A new survey out by The Harris Poll on behalf of the American Psychological Association found 68% of United States adults say the 2020 presidential election is causing them a significant amount of stress.
That number was 52% during the 2016 election.
Lisheila Ware of Pinellas County has concerns about key issues.
"Uncertain of the truth of everything the candidates are saying," Ware said.
She's also concerned about coronavirus come voting day.
"I have to wonder who used the booth before me, and are sick people coming in to vote anyway?"

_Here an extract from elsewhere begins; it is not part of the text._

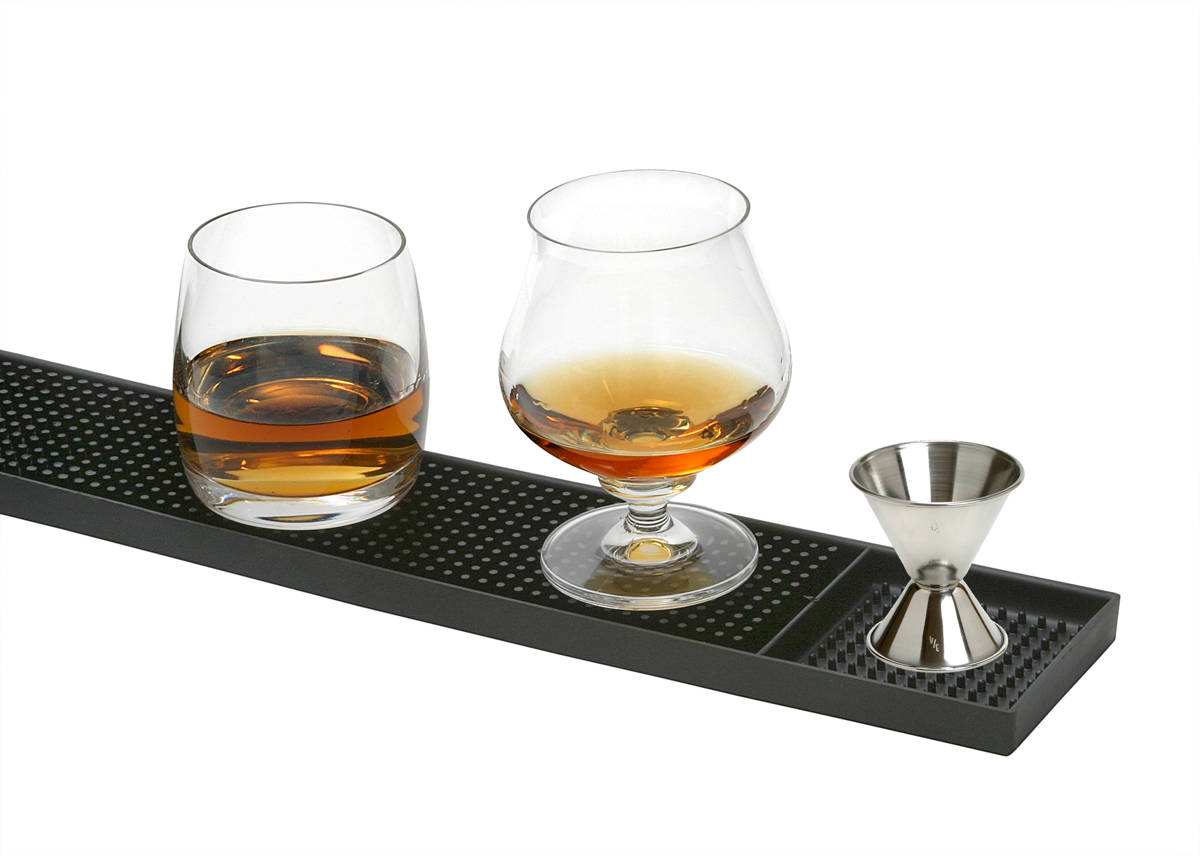 Mit abgetrenntem Feld mit niedrigen Noppen für Jigger und Shotgläser. Zum Reinigen einfach in warme Seifenlauge einlegen und anschließend mit Wasser abduschen.

Clinical Psychotherapist, Dr. Carleah East, founder of SMILE Psychology says more people are presenting with an election-related disorder.
"Individuals are being diagnosed with what is called election stress disorder," Dr. East explained. "This is in basics, an anxiety affliction on that individual or stress affliction on that individual that is interrupting their ability to have clear thought processes.”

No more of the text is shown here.